His voice had now lost some of its funereal note, returning to a more normal tone of impatience. The outline of his face disappeared as suddenly as it had become visible a minute or two before. I found myself alone on the spiral staircase, and now hurried on once more down the steep steps, trying to digest some of the information just conveyed. The facts, such as they were, certainly appeared surprising enough. I reached the foot of the stair without contriving to set them in any very coherent order.

Other matters now intervened. The sound of voices and laughter provided an indication of the path to follow, leading along a passage, pitch-dark and smelling of damp, at the end of which light flashed from time to time. I found the rest of the party standing about in a fairly large vaulted chamber, lit by the torches held by Sir Magnus and Truscott. Attention seemed recently to have been directed to certain iron staples, set at irregular intervals in the walls a short way from the paved floor.

“Where on earth did you get to?” asked Stringham, in an undertone. “You missed an ineffably funny scene.”

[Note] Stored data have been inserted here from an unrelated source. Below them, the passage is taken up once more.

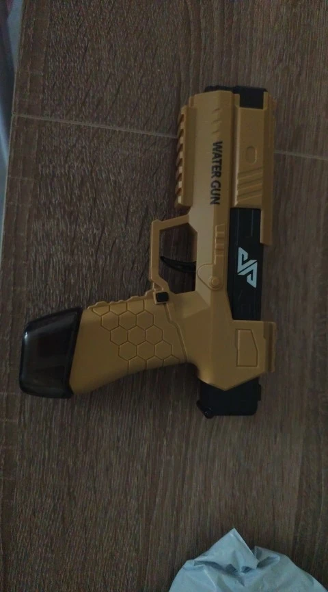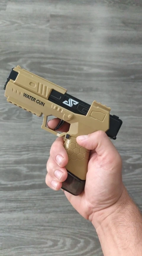 👉 Notre petit pistolet à eau est disponible en bleu, blanc, beige et noir et orange.
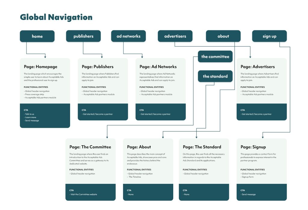 Each page was designed with multiple personas in mind: advertisers, browser partners, and ad-filtering users. Every element—from CTAs to footers—was built to reinforce transparency and simplicity.
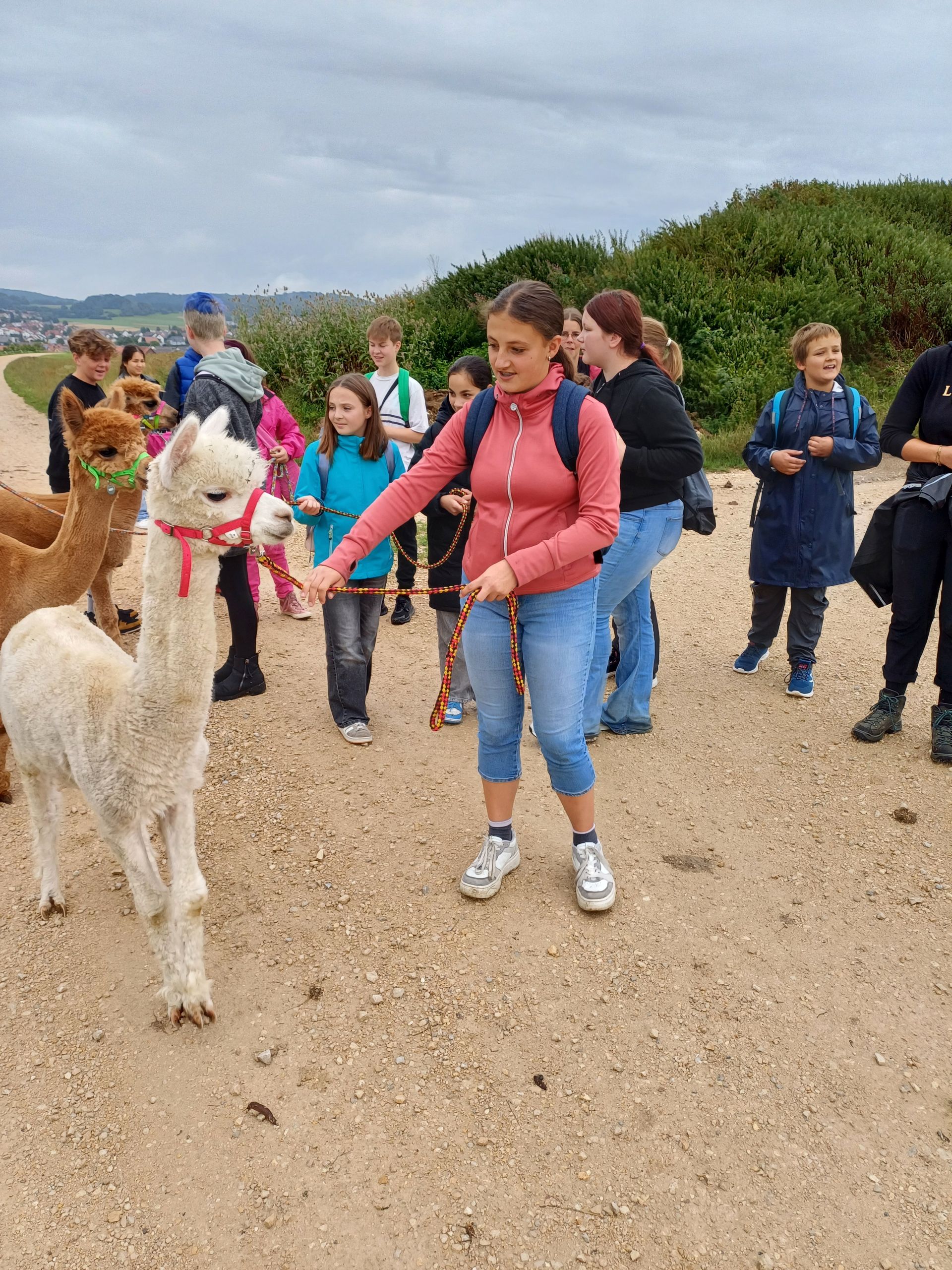 Heute, den 25.07.2025 machte die Orientierungsstufe eine Alpakawanderung in Engstingen.

Still laughing quietly to himself, he went on to explain that some kind of horse-play had been taking place, in the course of which Pardoe had borrowed the dog-chain that was almost an integral part of Eleanor’s normal equipment, and, with this tackle, had attempted by force to fasten Rosie Manasch to one of the staples. In exactly what manner this had been done I was unable to gather, but he seemed to have slipped the chain round her waist, producing in this manner an imitation of a captive maiden, passable enough to delight Sir Magnus. Rosie Manasch herself, her bosom heaving slightly, seemed half cross, half flattered by this attention on Pardoe’s part. Sir Magnus stood by, smiling very genially, at the same time losing none of his accustomed air of asceticism. Truscott was smiling, too, although he looked as if the situation had been allowed to get farther out of control than was entirely comfortable for one of his own cautious temperament. Eleanor, who had recovered her chain, which she had doubled in her hand and was swinging about, was perhaps not dissatisfied to see Rosie, sometimes a little patronising in her tone, reduced to a state of fluster, for she appeared to be enjoying herself for the first time since our arrival at the castle. It was perhaps a pity that her father had missed the tour.